■ ASSIGNED TASK
What the answer must hold is the line containing "Grandma | Your" and all lines after it through the end of the listing, copied exactly, with pictures left out.

■ INFORMATION SHOWN
----
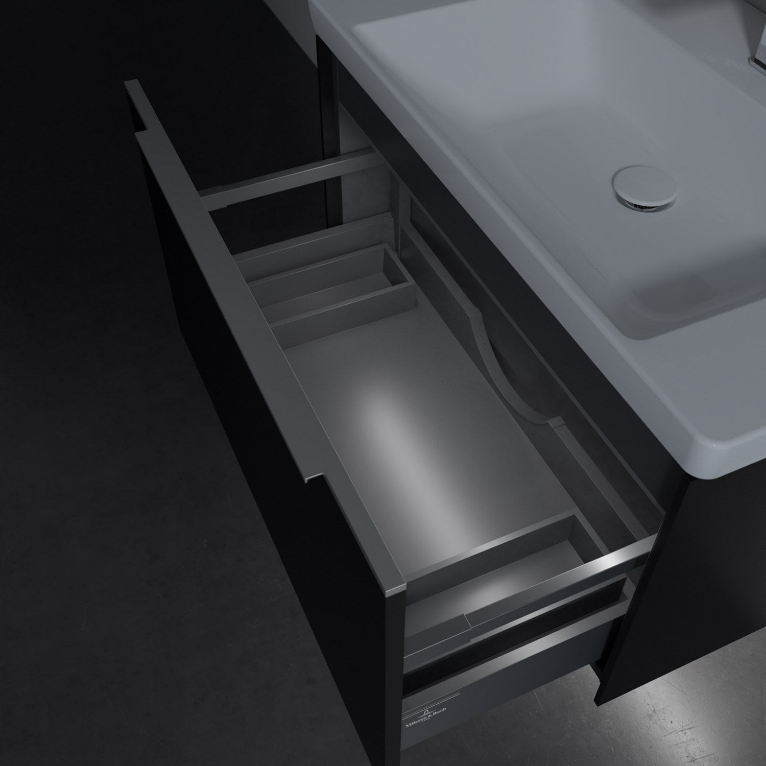 Der Waschtischunterschrank besticht durch gradliniges, zeitloses Design und großzügigen Stauraum. Eine voll ausziehbare Schublade mit rutschhemmendem Boden, Selbsteinzug-Funktion sowie zwei integrierten kleinen Accessory-Boxen bietet Platz für Pflege- und Hygieneartikel. Front und Korpus sind hochwertig verarbeitet. Die dezente Griffleiste sorgt für einfache Handhabung und bildet einen besonderen Design-Akzent.
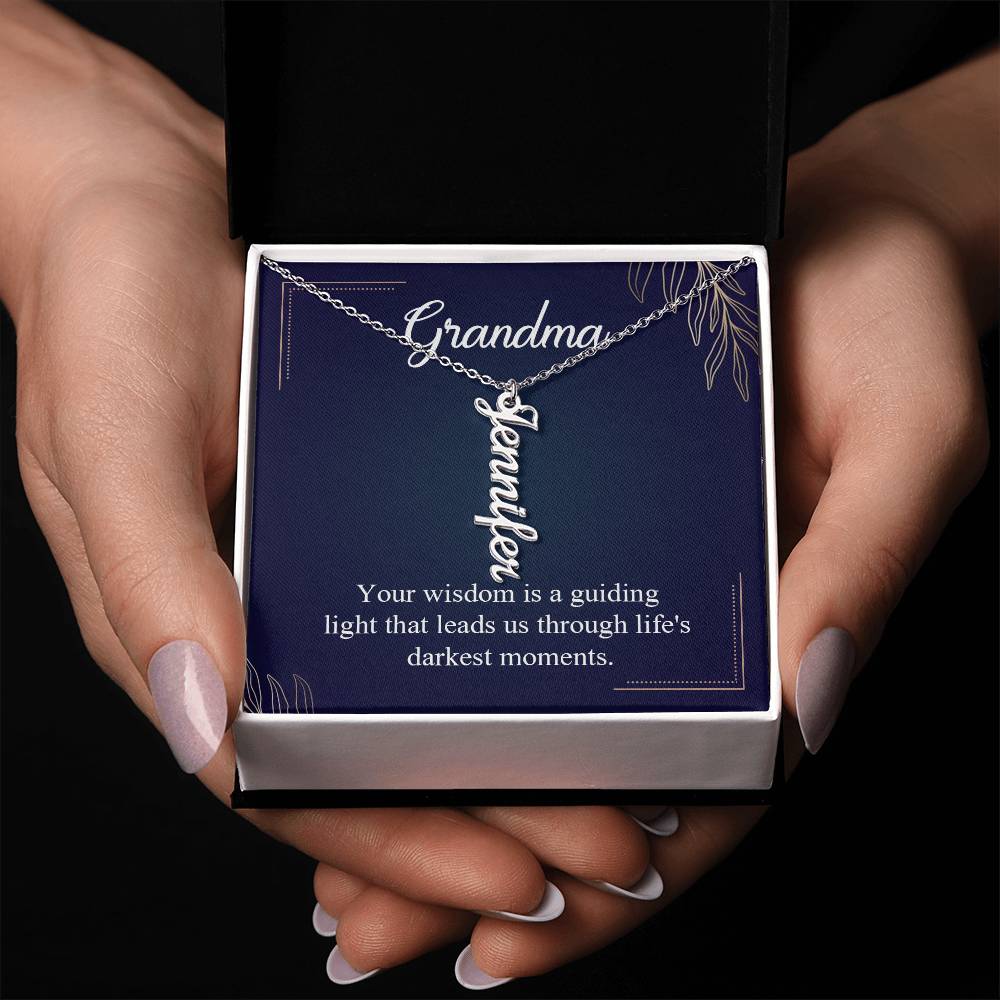 Grandma | Your Wisdom is a guiding light that leads us through life's darkest moments - Multi Vertical Name Necklace
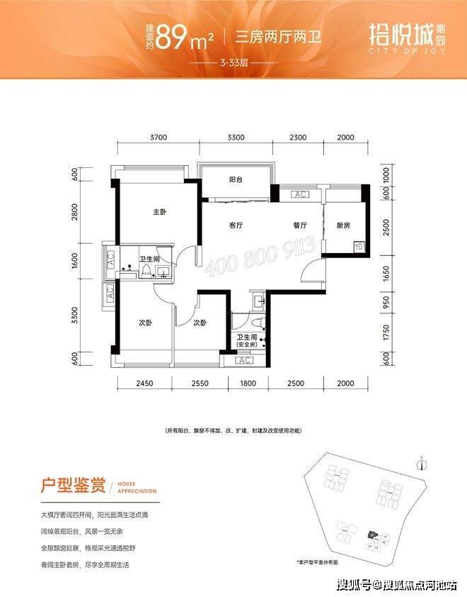 100㎡的3房2厅2卫,折后总价355万,单价3.55万/㎡。
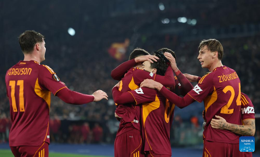 Roma's players celebrate scoring during the UEFA Europa League 2025/26 league phase match between Roma and Stuttgart of the UEFA Europa League in Rome, Italy, Jan. 22, 2026. (Xinhua/Li Jing)
----
■ RESULT OF THE EXERCISE
 Grandma | Your Wisdom is a guiding light that leads us through life's darkest moments - Multi Vertical Name Necklace
 100㎡的3房2厅2卫,折后总价355万,单价3.55万/㎡。
 Roma's players celebrate scoring during the UEFA Europa League 2025/26 league phase match between Roma and Stuttgart of the UEFA Europa League in Rome, Italy, Jan. 22, 2026. (Xinhua/Li Jing)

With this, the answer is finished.